(RECORD EXTRACTS)

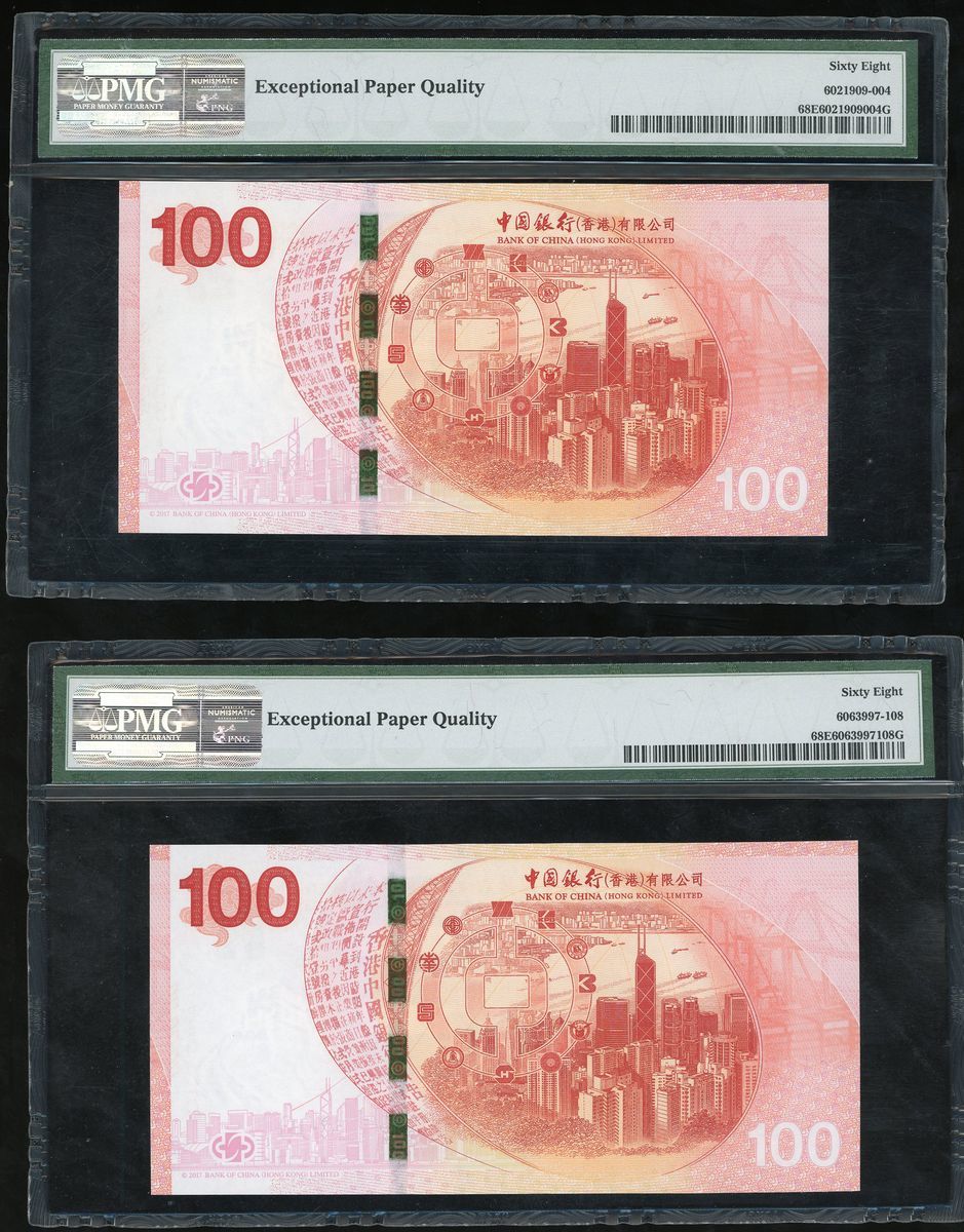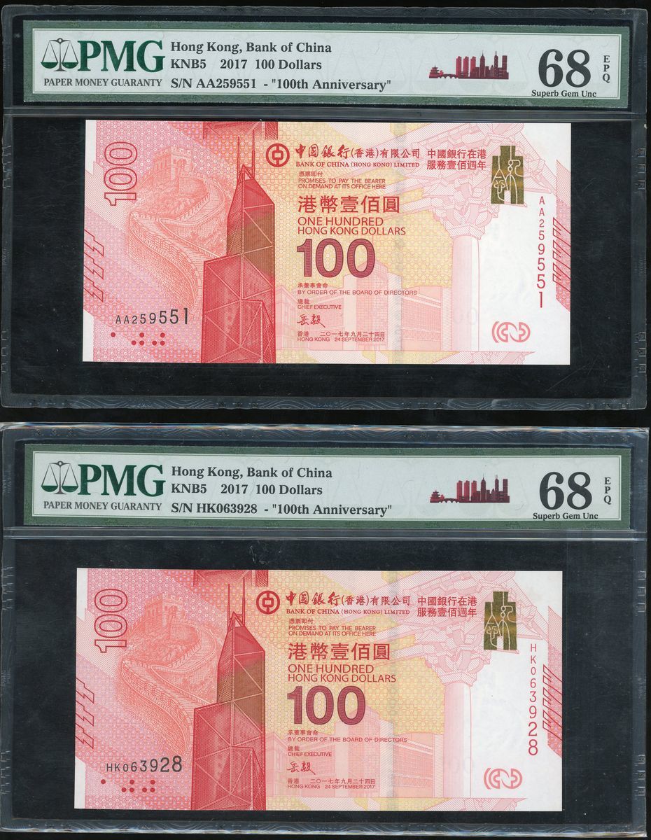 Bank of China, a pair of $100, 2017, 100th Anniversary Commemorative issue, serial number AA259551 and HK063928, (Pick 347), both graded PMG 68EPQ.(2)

(End RECORD EXTRACTS)
(RECORD EXTRACTS)

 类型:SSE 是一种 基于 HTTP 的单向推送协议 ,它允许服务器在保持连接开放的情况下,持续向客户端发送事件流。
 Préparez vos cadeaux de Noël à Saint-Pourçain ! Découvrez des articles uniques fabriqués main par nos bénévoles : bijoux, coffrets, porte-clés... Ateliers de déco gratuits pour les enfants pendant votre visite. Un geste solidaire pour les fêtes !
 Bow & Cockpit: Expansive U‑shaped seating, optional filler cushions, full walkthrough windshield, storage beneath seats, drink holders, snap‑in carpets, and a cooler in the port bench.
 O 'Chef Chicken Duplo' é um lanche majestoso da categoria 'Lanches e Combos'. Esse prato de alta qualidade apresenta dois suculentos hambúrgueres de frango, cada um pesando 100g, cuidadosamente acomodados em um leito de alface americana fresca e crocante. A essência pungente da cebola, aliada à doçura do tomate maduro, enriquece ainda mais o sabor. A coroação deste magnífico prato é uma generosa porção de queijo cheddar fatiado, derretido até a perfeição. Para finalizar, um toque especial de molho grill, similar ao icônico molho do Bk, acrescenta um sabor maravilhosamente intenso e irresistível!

(End RECORD EXTRACTS)

Of the lines above, extract only those from the line with "Préparez vos cadeaux" to the line with "O 'Chef Chicken", both included, exactly as written.

| EXPECTED ANSWER |
 Préparez vos cadeaux de Noël à Saint-Pourçain ! Découvrez des articles uniques fabriqués main par nos bénévoles : bijoux, coffrets, porte-clés... Ateliers de déco gratuits pour les enfants pendant votre visite. Un geste solidaire pour les fêtes !
 Bow & Cockpit: Expansive U‑shaped seating, optional filler cushions, full walkthrough windshield, storage beneath seats, drink holders, snap‑in carpets, and a cooler in the port bench.
 O 'Chef Chicken Duplo' é um lanche majestoso da categoria 'Lanches e Combos'. Esse prato de alta qualidade apresenta dois suculentos hambúrgueres de frango, cada um pesando 100g, cuidadosamente acomodados em um leito de alface americana fresca e crocante. A essência pungente da cebola, aliada à doçura do tomate maduro, enriquece ainda mais o sabor. A coroação deste magnífico prato é uma generosa porção de queijo cheddar fatiado, derretido até a perfeição. Para finalizar, um toque especial de molho grill, similar ao icônico molho do Bk, acrescenta um sabor maravilhosamente intenso e irresistível!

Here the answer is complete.